In an attempt to explore opposing views regarding the Bible and homosexuality during the study, Stevens said he searched for words to accurately describe the division. Ruling out “for and against” and “pro and con,” Stevens said, he settled on “conservative and liberal,” despite his reluctance to apply labels.
In doing so, Stevens said, his study led him to believe there are “three prevalent faults” in the use of Scripture.
“A major one, primarily on the conservative side, was ‘proof-texting,'” he said. “That is looking for a passage to support your view and take it out of context to make a point. A second major fault, which is primarily on the liberal side, is ‘explaining away’ the scripture to defend one’s position.
“The third major fault I observed was the referencing of Scripture passages without actually dealing with them. No explanations, only declarations,” he said.

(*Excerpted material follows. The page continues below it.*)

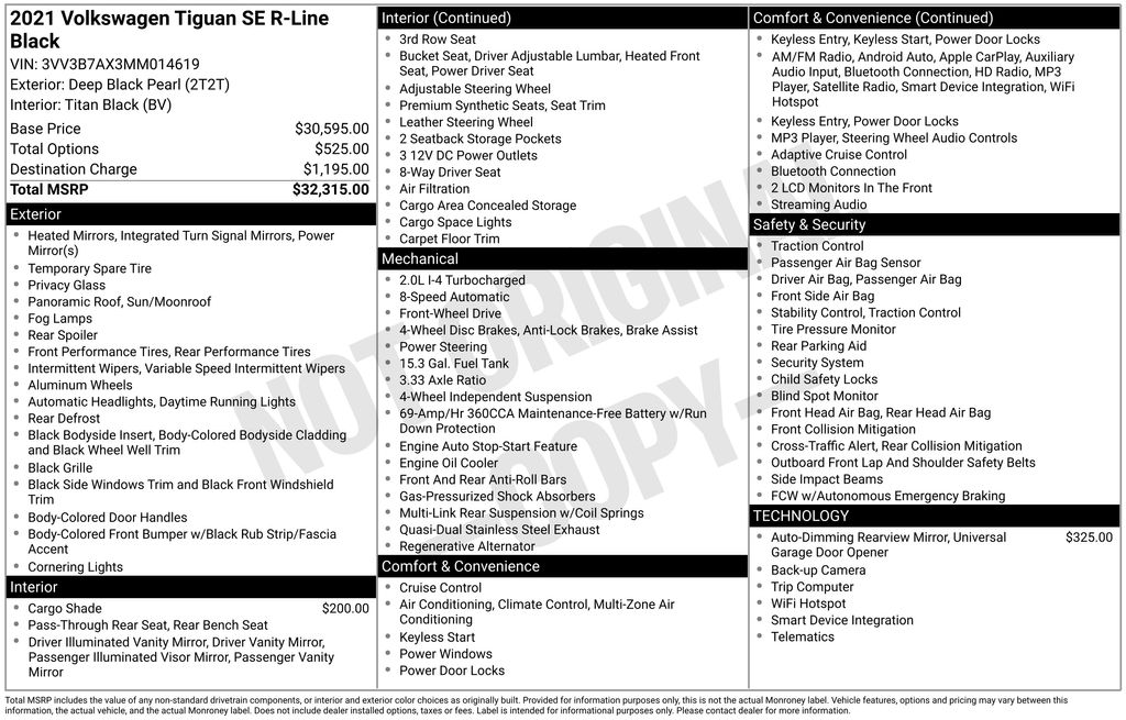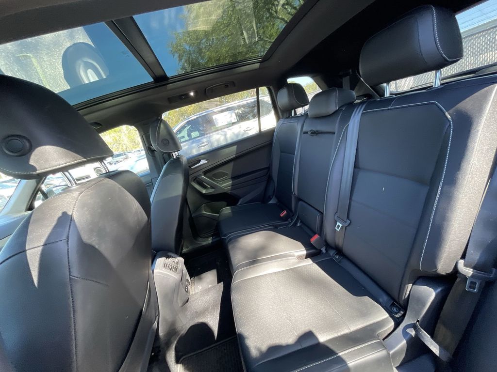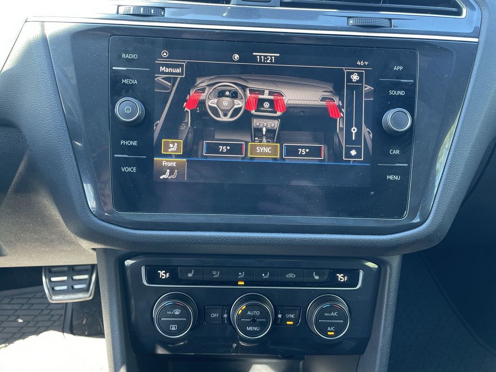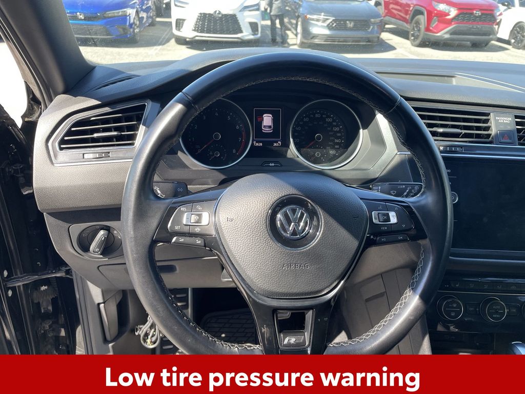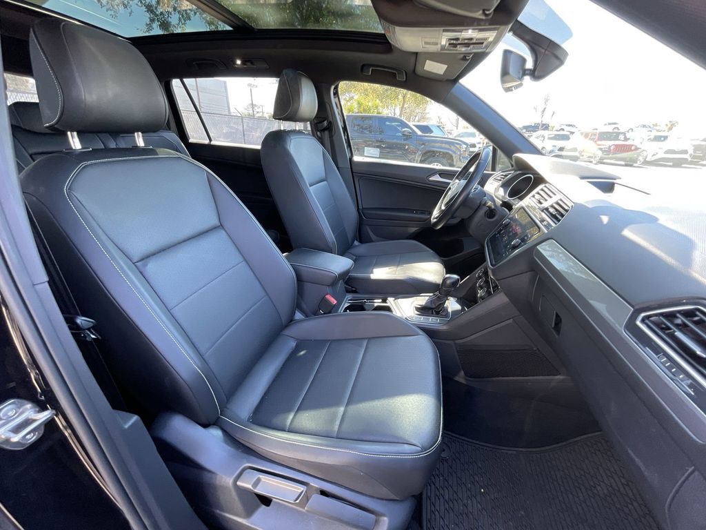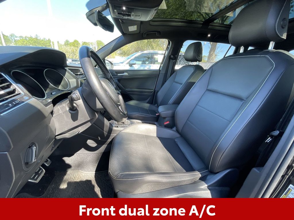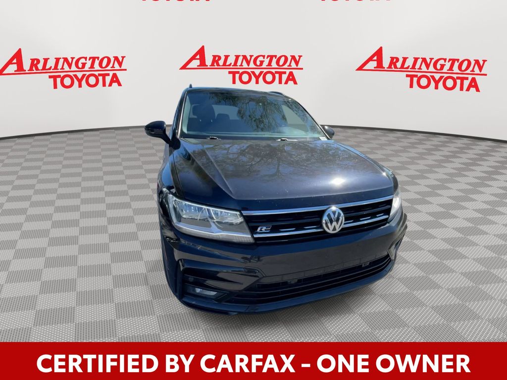 CERTIFIED BY CARFAX - ONE OWNER, BACKUP CAMERA, BLUETOOTH HANDS FREE, POWER SEATS, LOCAL TRADE IN, PANORAMIC MOONROOF, PUSH BUTTON START, CRUISE CONTROL, NON SMOKER, Tiguan 2.0T SE R-Line Black, 4D Sport Utility, 2.0L TSI DOHC, 8-Speed Automatic with Tiptronic, FWD, Deep Black Pearl, Titan Black w/Perforated V-Tex Leatherette Seating Surfaces, ABS brakes, Electronic Stability Control, Four wheel independent suspension, Front dual zone A/C, Fully automatic headlights, Low tire pressure warning, Steering wheel mounted audio controls, 3.33 Axle Ratio, 3rd row seats: bench, 4-Wheel Disc Brakes, 4-Wheel Independent Suspension, 6 Speakers, Air Conditioning, Alloy wheels, AM/FM radio: SiriusXM with 360L, Automatic temperature control, Brake assist, Bumpers: body-color, Cargo Area Retractable Privacy Cover, Compass, Delay-off headlights, Driver door bin, Driver vanity mirror, Dual front impact airbags, Dual front side impact airbags, Emergency communication system: VW Car-Net services (capabilities require enrollment or subscription), Exterior Parking Camera Rear, Forward collision: FCW w/Autonomous Emergency Braking mitigation, Frameless Auto-Dimming Rearview Mirror, Front anti-roll bar, Front Bucket Seats, Front Center Armrest, Front fog lights, Front reading lights, Heated door mirrors, Heated Front Comfort Seats, Heated front seats, Illuminated entry, Leather Shift Knob, Leather steering wheel, Occupant sensing airbag, Outside temperature display, Overhead airbag, Overhead console, Panic alarm, Passenger door bin, Passenger vanity mirror, Perforated V-Tex Leatherette Seating Surfaces, Power door mirrors, Power driver seat, Power moonroof, Power steering, Power windows, Radio data system, Radio: MIB3 Composition Media AM/FM/HD, Rear anti-roll bar, Rear reading lights, Rear seat center armrest, Rear window defroster, Rear window wiper, Remote keyless entry, Roof rack: rails only, Security system, Speed control, Speed-sensing steering, Split folding rear seat, Spoiler, Sport steering wheel, Tachometer, Telescoping steering wheel, Tilt steering wheel, Traction control, Trip computer, Turn signal indicator mirrors, Variably intermittent wipers, Wheels: 20" Machined Black Alloy, Tiguan 2.0T SE R-Line Black, 4D Sport Utility, 2.0L TSI DOHC, 8-Speed Automatic with Tiptronic, FWD, Deep Black Pearl, Titan Black w/Perforated V-Tex Leatherette Seating Surfaces, ABS brakes, Electronic Stability Control, Four wheel independent suspension, Front dual zone A/C, Fully automatic headlights, Low tire pressure warning, Steering wheel mounted audio controls.

Stevens also pointed out selective use of the Scriptures to condemn homosexuality while ignoring others that clearly condemn behaviors widely accepted in today’s culture.
Quoting Dr. Walter Wink’s work outlined in “Homosexuality and the Bible,” Stevens said that “‘virtually all modern readers would agree with the Bible in rejecting incest, rape, adultery and intercourse with animals.'”
“‘But we disagree with the Bible on most other sexual mores,'” he said quoting Wink.
Stevens went on to convey Wink’s assertions that the Bible also condemned several behaviors that are generally allowed by today’s standards, including intercourse during menstruation, celibacy, exogamy (marriage with non-Jews), naming sexual organs, nudity (under certain conditions), masturbation and birth control.
Likewise, Stevens said, the Bible permitted behaviors that we today condemn, such as prostitution, polygamy, sex with slaves and treating women as property.
“‘So why do we appeal to proof texts in Scripture in the case of homosexuality alone, when we feel perfectly free to disagree with Scripture regarding most other sexual practices,'” Stevens, quoting Wink, said.
“We ignore or work around what Jesus did say about other things, such as divorce and adultery,” Stevens said. “People seem to pick and choose what can be used against others.”
While he spoke at length about several specific Scriptures commonly used to demonstrate a belief that the Bible condemns homosexuality, Stevens spent a fair amount of time responding to interruptions by a small group apparently hoping to debate the issue.
Concerning the Bible’s New Testament, Stevens pointed out that there is no direct objection to homosexuality activity outside the references of pagan rites, and that there is no reference to committed same sex relationships.
“This does not mean that other homosexual activity was considered acceptable in New Testament times,” he said. “I seriously doubt that it was. However, if this had been a problem, you would expect Paul or someone, even Jesus, to say something very directly.”
Speaking to Scripture in the New Testament, Stevens said Jesus “broke the mold” by reaching out to people who were considered to be “untouchable, unclean and unacceptable in society.”
“That’s where He started His ministry,” Stevens said. “Jesus said nothing about the matter of homosexuality. He said everything about embracing all people and respecting their dignity.
“Jesus always led with compassion and grace in nearly all His encounters. The exception seemed to be His challenge to the religious leaders who refused to deal with their own sin and used their power to oppress others.”
Stevens has spent 35 years in the ministry, serving 22 of them as a Southern Baptist minister. He holds advanced degrees in divinity and theology and has worked extensively with gays and lesbians in the Bartlesville community.